Et puis, non, ce n’est pas comme ça Tetrobot, je me suis trompé. La porte reste ouverte, on se surprend à progresser d’une énigme à l’autre sans heurt ou presque. Lorsque tout d’un coup ça coince, on ne désespère pas, la solution est toute proche, on l’a au bout de la souris. On tâtonne, on croit y parvenir, on n’avait pas vu venir l’obstacle, le piège géométrique, on s’enferme, on recule pour mieux sauter, parfois on arrête et on se dit que ça passera le lendemain, et en effet on remet les choses à plat, ça glisse, ça percute et ça connecte, ça marche. Ca finit presque toujours par marcher. Au pire, quand vraiment ça ne passe pas, on avance tout de même, même sans utiliser la soluce sur Youtube [1] : pas besoin de résoudre toutes les énigmes pour compléter le niveau. Tetrobot fait dans la pédagogie différenciée, dans l’exercice modulaire, qui stimule le premier de la classe sans désespérément larguer celui du fond qui se chauffe contre le radiateur. Je ne finirai sans doute pas le jeu à 100 %, mais je verrai tous les niveaux. J’y travaille, assidu, appliqué, faute d’être brillant élève.

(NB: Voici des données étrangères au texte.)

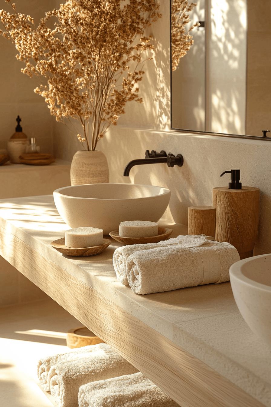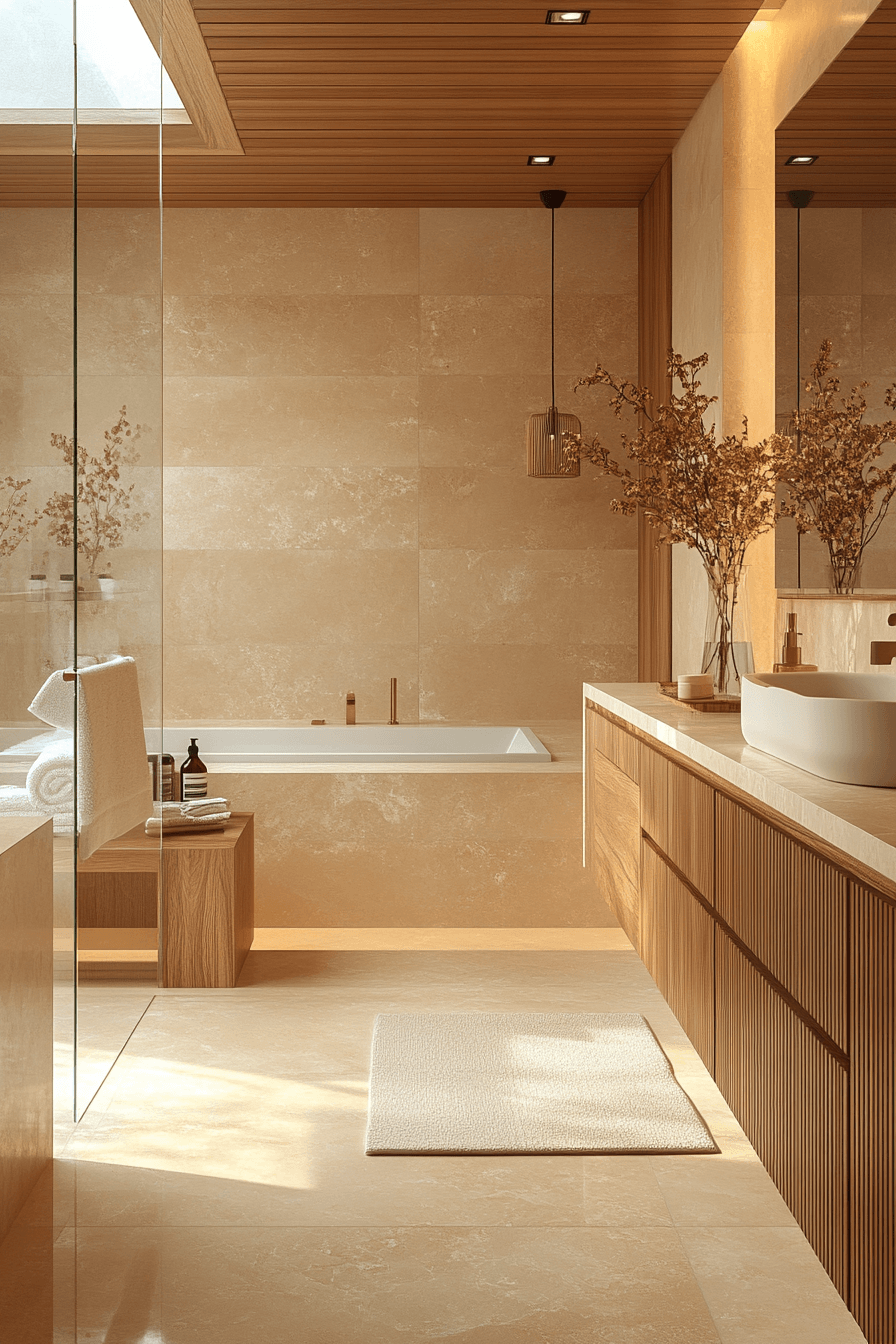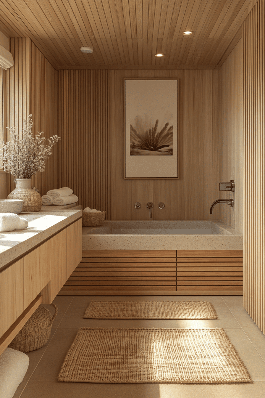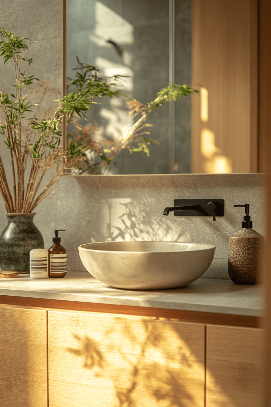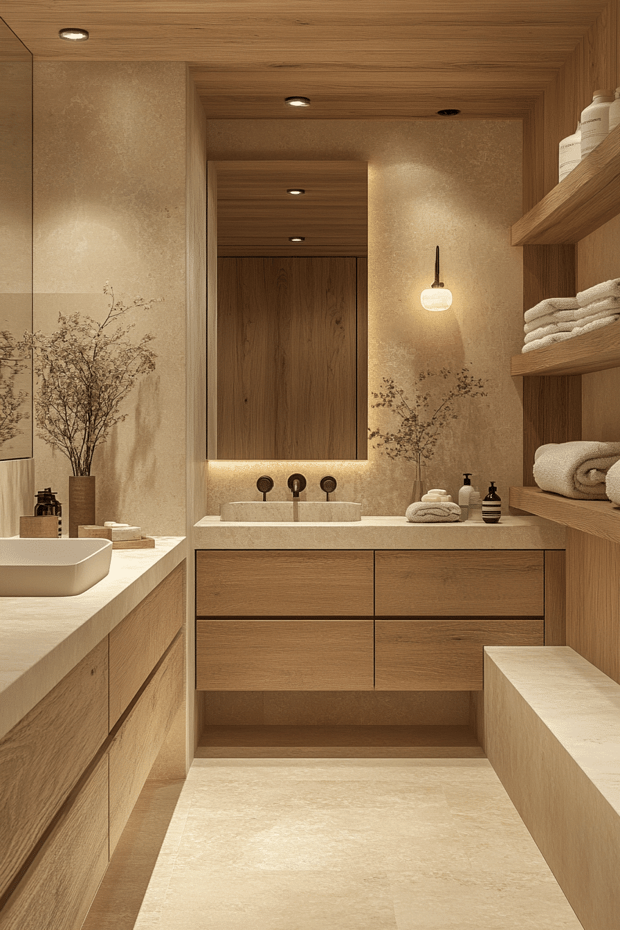 A warm and inviting mood shapes this japandi bathroom design with natural textures and soft finishes. Wooden cabinetry pairs with stone surfaces for a grounded feel. Subtle textiles enhance comfort while maintaining simplicity. Gentle lighting completes the relaxing ambiance. The space feels cozy and refined. Find more japandi bathroom design ideas with warm textures.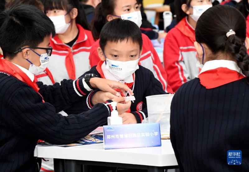 10月12日,學(xué)生在河南省科技館收看“天宮課堂”第三課時做實(shí)驗(yàn)。 新華社記者 李安 攝

C’est qu’il faut être un rien bûcheur pour se frotter à l’animal. Il ne manque pas de piquant. Si l’on m’avait directement lâché, disons au troisième niveau, j’y aurais totalement perdu mon latin. Tetrobot & Co. est un univers de règles, parfois contre-intuitives, dans lequel on s’étonne de naviguer avec aisance. Alors c’est une histoire de blocs à saisir, seulement sur le côté, jamais par dessus ou par dessous. Pas intuitif, je vous disais, mais on s’y fait vite. Ces blocs se lancent, latéralement, jamais horizontalement. Ils glissent, et ne tombent que s’ils rencontrent un obstacle. Ils permettent d’activer des boutons, d’interrompre des rayons laser. Les blocs d’une même matière s’attachent entre eux. Ceux de bois prennent feu, ceux de sable se vitrifient avec la chaleur, on peut en balancer sur des monstres, et un côté devient collant, les monstres doivent être en Patafix. Il y a des aimants, des canons et des jeux de miroir, rien de totalement nouveau, mais tout cela fait système, un incroyable écosystème d’interactions, aux possibilités de combinaison qui me paraissent presque infinies, mais je ne suis pas game-designer, seulement un joueur admiratif, et qui s’admire lui-même de comprendre quelque chose alors que d’habitude non, vraiment il n’y voit goutte, mais là oui, ça paraît impossible et puis tout d’un coup c’est limpide.
La pédagogie, c’est la science du rythme, des alternances d’intensité, du tempo : l’art de mêler les temps morts avec les temps forts, l’art de la répétition, de la variation comme transition d’une compétence à l’autre. Le secret de Tetrobot, c’est qu’il fait cela à merveille, même le plus tatillon des inspecteurs en puzzlogie n’aurait rien à redire. Chaque "monde" — le jeu dit "robot", moi je dis "monde" — permet de former le joueur à un pôle de compétence, comme on dit : d’abord les bases, après les canons, ensuite l’électricité et le magnétisme, etc. Le premier niveau du "monde" sert de discret tutoriel et de révision des chapitres précédents. Les niveaux suivants nous mettent à l’épreuve, nous malmènent de plus en plus. Parfois, Swingswing n’oublie pas de nous glisser, en guise de récompense, une petite énigme facile, pour souffler, parce qu’on n’est pas des chiens tout de même.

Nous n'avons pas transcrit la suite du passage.